An amusing incident……..although the debt collector wont think so

Around 13 months ago, i took out a 12 month contract which was paid up front for a web domain.

There was no clause which allowed continuous renewals and of course there was no clause which said i had to tell the company that i didnt want to renew. So, i had my 12 months, and decided i didnt want to renew the website so i never gave it a second thought nor did  i expect to hear anything else about it.

Fast forward to this month i receive a wonderful little missive from a well known Debt Collection Agency (DCA) telling me i owe money and must pay and quoting the details of how i could pay. Now im not the sort of person to just pay when someone tells me to. So i had a think about this and thought “Hell no, im not paying these people” afterall why should i?

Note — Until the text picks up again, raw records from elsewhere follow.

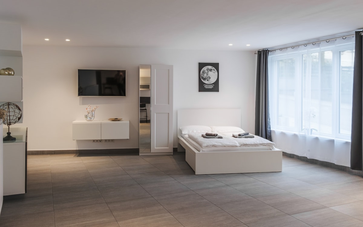 ಎಮ್ಮೆಲ್ಶೌಸೆನ್ನಲ್ಲಿ ಸ್ತಬ್ಧ ಸ್ಥಳದಲ್ಲಿ ಆರಾಮದಾಯಕ, ಆಧುನಿಕ ಅಪಾರ್ಟ್ಮೆಂಟ್. ಡಬಲ್ ಬೆಡ್ನಲ್ಲಿ ವಿಶ್ರಾಂತಿ ಪಡೆಯಿರಿ, ಫ್ಲಾಟ್-ಸ್ಕ್ರೀನ್ ಟಿವಿ, ಸಂಪೂರ್ಣ ಸ್ವಯಂಚಾಲಿತ ಕಾಫಿ ಯಂತ್ರ ಮತ್ತು ಆಧುನಿಕ ಬಾತ್ರೂಮ್ ಹೊಂದಿರುವ ಸಂಪೂರ್ಣ ಸುಸಜ್ಜಿತ ಅಡುಗೆಮನೆಯನ್ನು ಆನಂದಿಸಿ. ಟೆರೇಸ್ ನಿಮ್ಮನ್ನು ಕಾಲಹರಣ ಮಾಡಲು ಆಹ್ವಾನಿಸುತ್ತದೆ. ಸೂಪರ್ಮಾರ್ಕೆಟ್, ಬೇಕರಿ ಮತ್ತು ರೆಸ್ಟೋರೆಂಟ್ಗಳಿಗೆ ಕೇವಲ 1 ಕಿ .ಮೀ. "ಝಾಪ್" ಸಾಂಸ್ಕೃತಿಕ ಕಾರ್ಯಕ್ರಮಗಳು ಮತ್ತು ಕಾರ್ಯಕ್ರಮಗಳನ್ನು ನೀಡುತ್ತದೆ. ಪ್ರಕೃತಿ ಮತ್ತು ಸಂಸ್ಕೃತಿ ಪ್ರಿಯರಿಗಾಗಿ: ವೇ ಆಫ್ ಸೇಂಟ್ ಜೇಮ್ಸ್, ಎರ್ಬಚ್ಕ್ಲಾಮ್, ಲೋರೆಲಿ, ಕೋಟೆಗಳು, ಅರಮನೆಗಳು ಮತ್ತು ಗೇಯರ್ಲೇ ಸೇತುವೆ ನಿಮಗಾಗಿ ಕಾಯುತ್ತಿವೆ. ವಿಹಾರ ಅಥವಾ ದೀರ್ಘಾವಧಿಯ ವಾಸ್ತವ್ಯಕ್ಕೆ ಸೂಕ್ತವಾಗಿದೆ.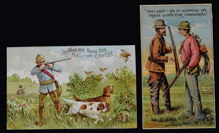 Description:Lot of (2) c.1900s-10s hunting themed trade cards (Overall EX) Includes 3.5"x6" heavy stock card with color lithographed hunters scene on front that has "A.G. Spaulding Bros." sign in back ground. Back lists a pair of testimonials and it is likely that there was another section which is now missing; 4"x6.25" "Wilson Spice Co" trade card with Lion Coffee advertising back. Touch of light wear: Overall EX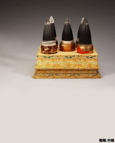 清代内廷用笔由江南织造、江宁织造、杭州织造等按内廷发样承办制作,而大量的则是来自地方进贡,每年地方官员单以毛笔进贡的数额即高达数万件。除大量的御用笔备用外,还颁发内廷各处记录、抄书使用,以及用于皇帝赏赐等。据章乃炜《清宫述闻》记载:“庚申十月,赐内阁翰林院官笔五千枝,为阁中票签、院中讲章、记注之用。内阁分其半,余给讲官人各五十枝,写正本者人各五十枝,写副本者人各三十枝。更以五百枝备写档案,存起居注。五百枝备写讲章,存外衙门。笔为丁酉年制,世祖御书房所藏也。”(庚申为康熙十九年,即1680年,丁酉为顺治十四年,即1657年)从上述记载可知,清代内廷所需用笔的数量相当可观。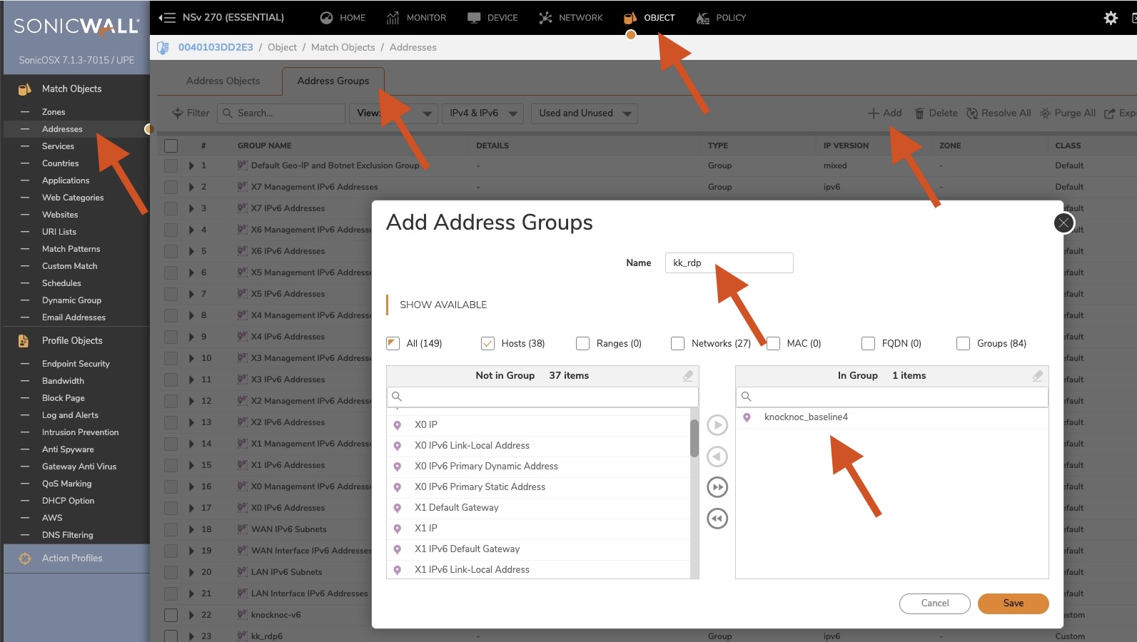 First we create a baseline host address, Sonicwall requires an entry in the address-group lists as a baseline.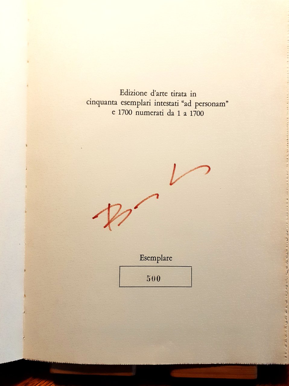Edizione d'arte tirata in cinquanta esemplari intestati ad personam" e 1700 numerati da 1 a 1700. Esemplare n. 500 con firma dell'Autore a pennarello rosso. Stampato dalle Arti Grafiche Perfecta - Milano. La carta è stata fabbricata a mano appositamente dalle Cartiere Ventura con filigrana e marchio. In-4, pp. nn. (ca. 56), rilegatura in cartone telato con juta grezza e titolo in rosso al piatto. Con serigrafie a due tre colori (b/n - b/n/rosso-magenta). Stato ottimo (in parte intonso)"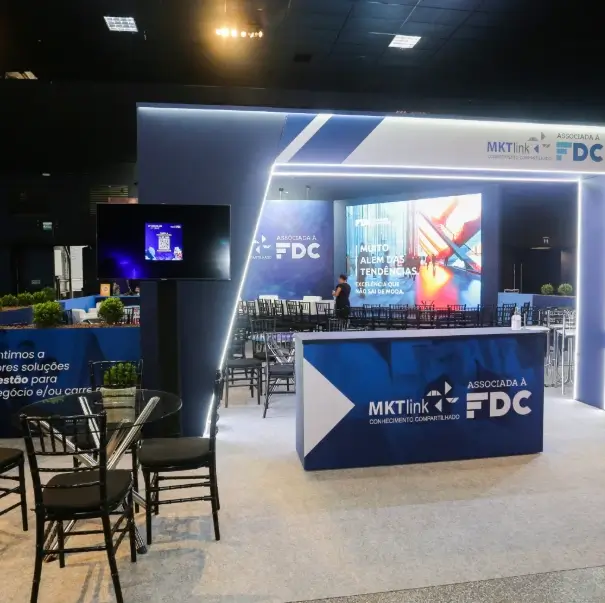 Feira de exposições dinâmica com demonstrações interativas de produtos e serviços.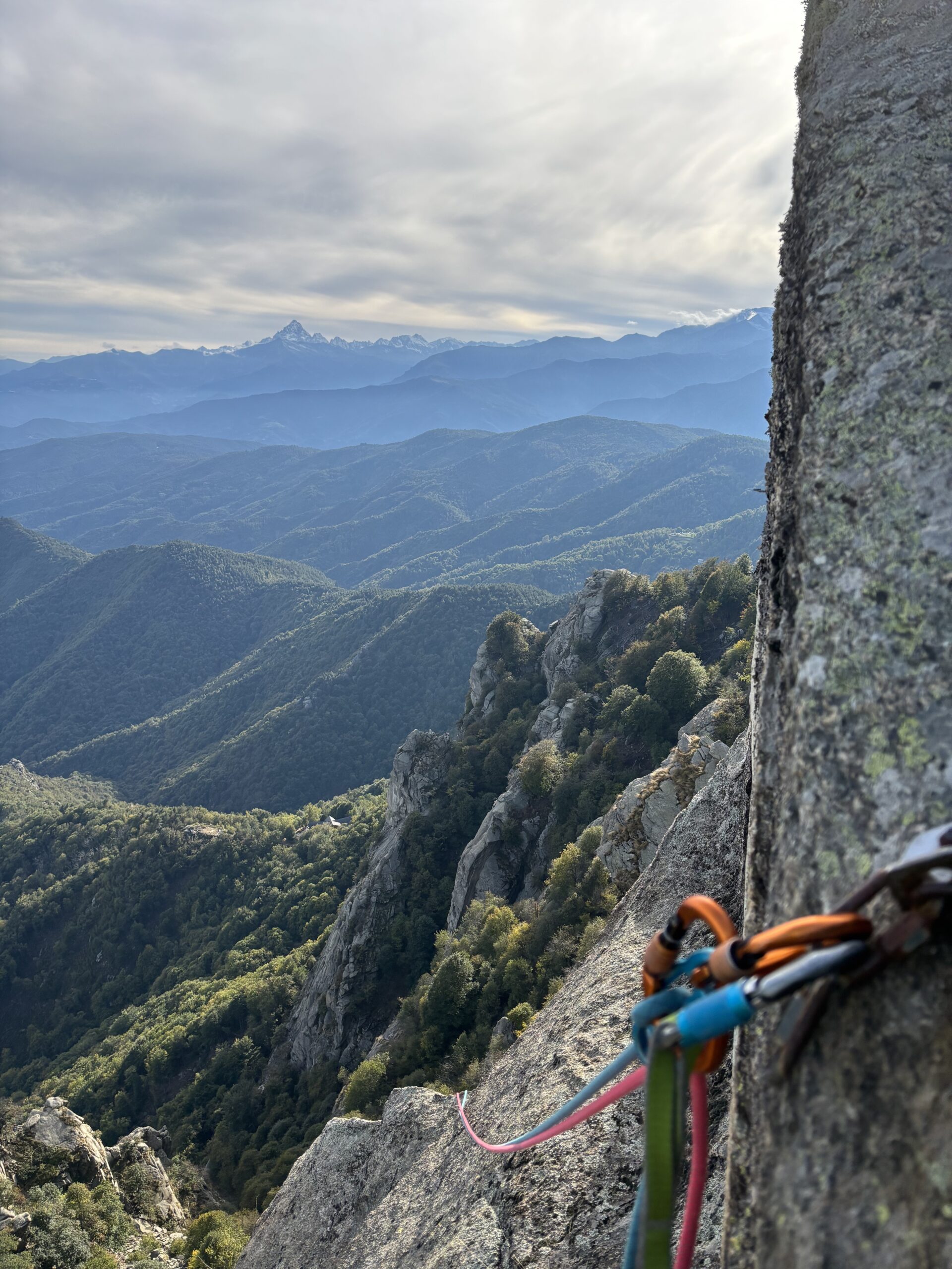 Chiodatura ottima, sopratutto nella parte alta, nonostante sia arrugginita non muove quasi nulla (sosta L5 il dado sarebbe da stringere). Ampia possibilità di concatenamento, noi abbiamo unito L1-L2, L3-L4, L6-L7, L8-L9, L10-L11, L13-L14, necessari rinvii allungabili, integrazione non necessaria. Abbiamo usato 2 mezze da 60 m.
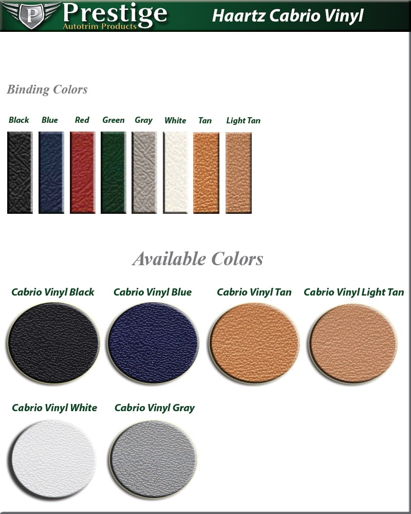 Manufactured by the Haartz Corporation. Cabrio Vinyl is the Factory Original material for Mazda Miata NA and VW Rabbit car hoods and features the original cabrio grain PVC facing and durable cotton backing.

A further point to note is not only could these wonderful people not address the letter correctly, they couldnt even spell my name correctly. Now that i find either sheer incompetence or a total lack of care, either way its dam insulting and unprofessional.

So i decided to telephone these people. Their letter said  they were open 9 am to 6pm so i called at 17:30 hrs and got a recorded message saying “our offices are now closed, our opening hours are mon to fri 9am to 6pm!!!!”At this point im starting to think piss up and brewery are quite apt here.So i wrote to them instead telling them of my disgust at their poor and tardy approach to business.

I decided to call them and speak to them again the following day as i had hoped i could resolved the matter amicably. How wrong i was.

I ended up speaking to an Irish lady, now i didnt tell her my legal background at the beginning, i was just the average joe to her, and boy how she would play on that. I was told that i was liable for the debt as i had failed to write to the web company telling them i did not wish to renew my website. She progressed to tell me it was clearly written into the terms of my contract and she knew what my terms were and therefore i was liable for the debt.

I was further told that by my silence i had accepted the offer made.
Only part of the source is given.